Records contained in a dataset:
○ ○ ○ ○
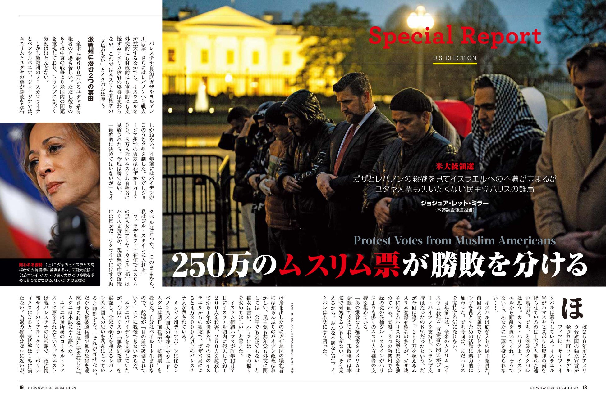 250万の「イスラム教徒票」が大統領選の勝負を分ける。投開票まで2週間という最終版でハリスが直面する難局をレポートする『イスラエル・リスク』ニューズウィーク日本版10/29号は好評発売中!
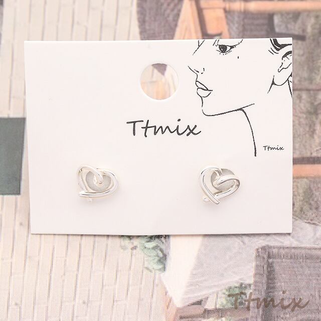 TE1153 デザインピアス ハート シルバーカラー 銅製 スタッドピアス 約6×7mm(2ヶ)
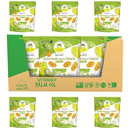ARTISAN TROPIC Plantain Strips – Vegan, Paleo, Gluten Free Chips - Individual Bags Healthy Snacks for School, Gym, Kids – Whole 30 Approved Foods Baked Banana Chips – Sea Salt (1 Oz - 36 Pack)
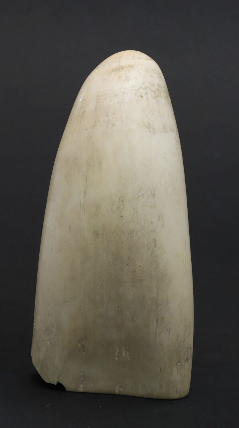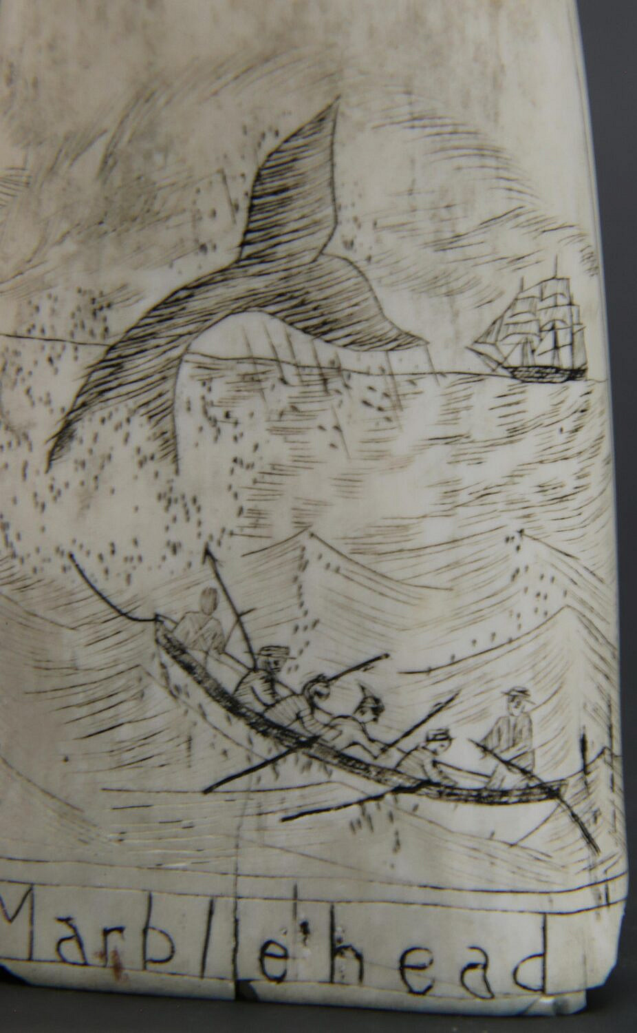 Scrimshaw Antique Whale’s Tooth “Marblehead”, 19th Century, engraved with a polychromed star above a longboat on a diviing whale and Mother ship on the horizon, the ship’s name Marblehead engraved at the base of the tooth
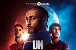巴萨官方社媒发布了为此役制作的海报,拉菲尼亚、克里斯滕森、霍安·加西亚出镜。
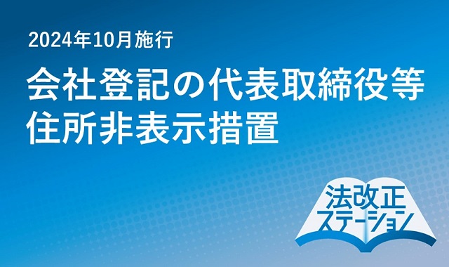 今回のテーマは、2024年10月1日施行の「会社登記の代表取締役等住所非表示措置」です。
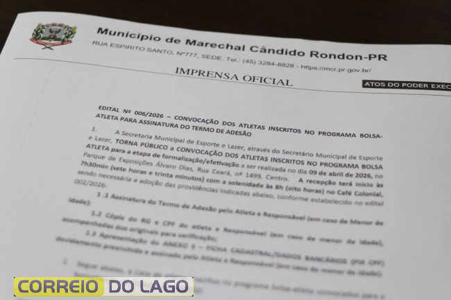 A prefeitura de Marechal Cândido Rondon, por meio da Secretaria de Esporte e Lazer, informa que a assinatura dos termos de adesão dos esportistas classificados no programa Bolsa-Atleta 2026 será realizada nesta quinta-feira (9), a partir das 7h30, no Café Colonial, localizado no parque de exposições.
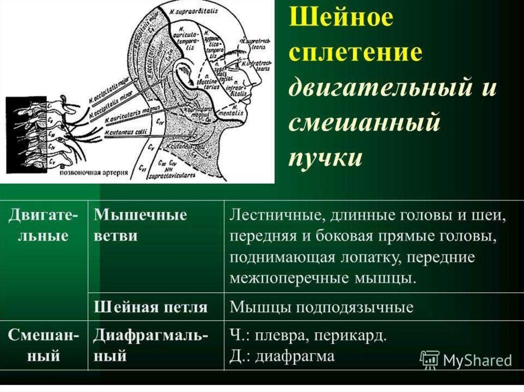 Иннервирует кожу и мышцы шеи, груди, живота и
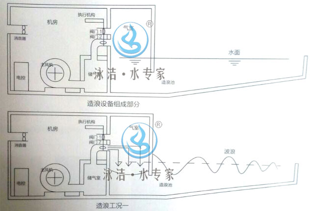 氣壓造浪系統主要蓄壓室、風機、閥門機構、風管系統、電子智能造浪是一項多學科綜合性的設備工程,它涉及空氣動力學、波浪力學、機械學、電氣控制系統學等幾門學科。但關于波浪產生的基本原理,可以形象而通俗的概括為一句成語興風作浪。它與海嘯產生原理基本一致,都是由于壓力的變化而形成波浪。
○ ○ ○ ○
TASK TO CARRY OUT:
The output has to match the data above line for line, except that pictures are dropped.

YOUR SOLUTION:
 250万の「イスラム教徒票」が大統領選の勝負を分ける。投開票まで2週間という最終版でハリスが直面する難局をレポートする『イスラエル・リスク』ニューズウィーク日本版10/29号は好評発売中!
 TE1153 デザインピアス ハート シルバーカラー 銅製 スタッドピアス 約6×7mm(2ヶ)
ARTISAN TROPIC Plantain Strips – Vegan, Paleo, Gluten Free Chips - Individual Bags Healthy Snacks for School, Gym, Kids – Whole 30 Approved Foods Baked Banana Chips – Sea Salt (1 Oz - 36 Pack)
 Scrimshaw Antique Whale’s Tooth “Marblehead”, 19th Century, engraved with a polychromed star above a longboat on a diviing whale and Mother ship on the horizon, the ship’s name Marblehead engraved at the base of the tooth
巴萨官方社媒发布了为此役制作的海报,拉菲尼亚、克里斯滕森、霍安·加西亚出镜。
 今回のテーマは、2024年10月1日施行の「会社登記の代表取締役等住所非表示措置」です。
 A prefeitura de Marechal Cândido Rondon, por meio da Secretaria de Esporte e Lazer, informa que a assinatura dos termos de adesão dos esportistas classificados no programa Bolsa-Atleta 2026 será realizada nesta quinta-feira (9), a partir das 7h30, no Café Colonial, localizado no parque de exposições.
 Иннервирует кожу и мышцы шеи, груди, живота и
 氣壓造浪系統主要蓄壓室、風機、閥門機構、風管系統、電子智能造浪是一項多學科綜合性的設備工程,它涉及空氣動力學、波浪力學、機械學、電氣控制系統學等幾門學科。但關于波浪產生的基本原理,可以形象而通俗的概括為一句成語興風作浪。它與海嘯產生原理基本一致,都是由于壓力的變化而形成波浪。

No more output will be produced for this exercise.